Preferably, the filling of the cavities takes place during step A with low-shrink mortar. In this way it is achieved that the shapes of the solidified mortar on the one hand and those of the cavity and of the anchors on the other connect without play.

Preferably, during a step D after execution of step B, the coupling piece is mechanically connected to the underlying support element, whereby the coupling piece is secured vertically.

Preferably, a detachable layer is applied to the cavity before the execution of step A has taken place. This facilitates any subsequent disassembly of the floor plates in that the connecting pieces, including the solidified material, can be easily removed from the cavities in the floor plates.

It is also preferably possible to apply a detaching layer to the anchoring before the execution of step B has taken place. This will result in the solidified material being easily removed from the anchoring in the event of any disassembly.

The use of detachable layers as described above, for example in the form of a grease, oil or plastic foil layer, makes it possible that floor plates can be reused after additional dismantling without additional processing.

The invention further relates to a floor plate for use in the method according to the invention described above, which floor plate is provided on the top side and along the peripheral edges with at least one cavity for mutually connecting to an adjacent floor plate. The advantages associated with the use of cavities have already been described above in the explanation of the method according to the invention, wherein it is further noted that the cavities are preferably situated in the corners of a floor plate where more than two floor plates come together.

The at least one cavity is preferably cone-shaped.

Such a shape facilitates the removal of the solidified material from the cavity during disassembly of the floor plates.

The at least one cavity is preferably formed by a tubular part cast in the concrete and preferably provided with a bottom. Herewith it is prevented that when a low-shrink mortar is used as a solidifying material, the solidified mortar together with the relevant concrete floor slab gets a too tight connection, as a result of which dismantling could only take place with damage to the floor slabs. If the tubular part is not provided with a bottom, a foil could also be applied to the bottom of the cavity before the solidifying material is introduced into the tube. It is also possible to replace the tubular part in its entirety with a plastic film.

The tubular part is preferably made of a metal, for example of a stainless steel type, which on the one hand can be properly anchored in the floor plate but on the other hand is suitable to serve as a mold for the solidifying material.

The at least one cavity of the floor plate is preferably arranged in a part of the floor plate with an upper surface which is lower with respect to the neighboring part of the floor plate.

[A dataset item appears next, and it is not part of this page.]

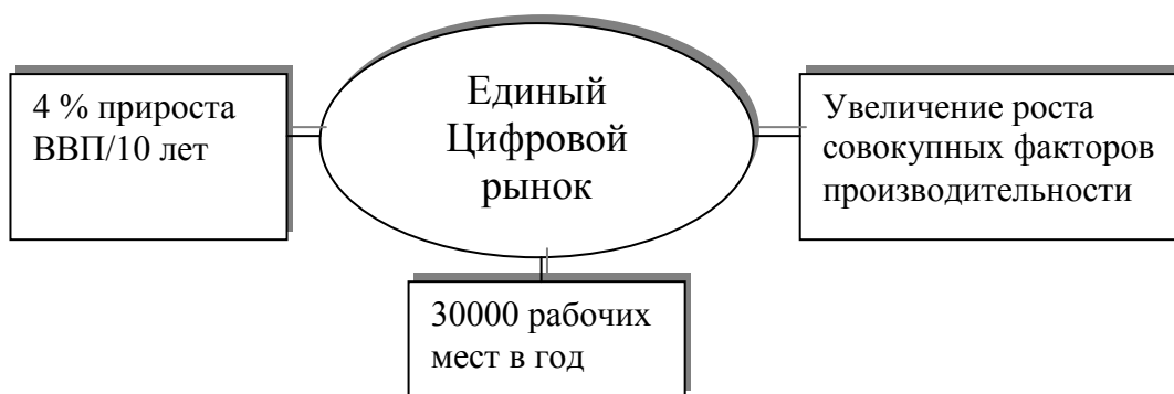
Рисунок 2 – Социально-экономические преимущества единого цифрового рынка ЕС

Единый цифровой рынок ЕС имеет ряд социально-экономических преимуществ перед национальными рынками (рис. 2).

This upper surface located lower, together with lower upper surfaces of adjacent floor plates, forms a floor in the floor in which the coupling piece in question can be sunk. The floor can be finished with gas concrete pellets that are swept flat and on which panels are laid.

The invention will be further elucidated with reference to a preferred embodiment as shown in the accompanying figures.

Herein: figure 1 shows in detail a cross-section along the line A-A in figure 2 of a connection between two floor plates; Figure 2 shows a top view of Figure 1.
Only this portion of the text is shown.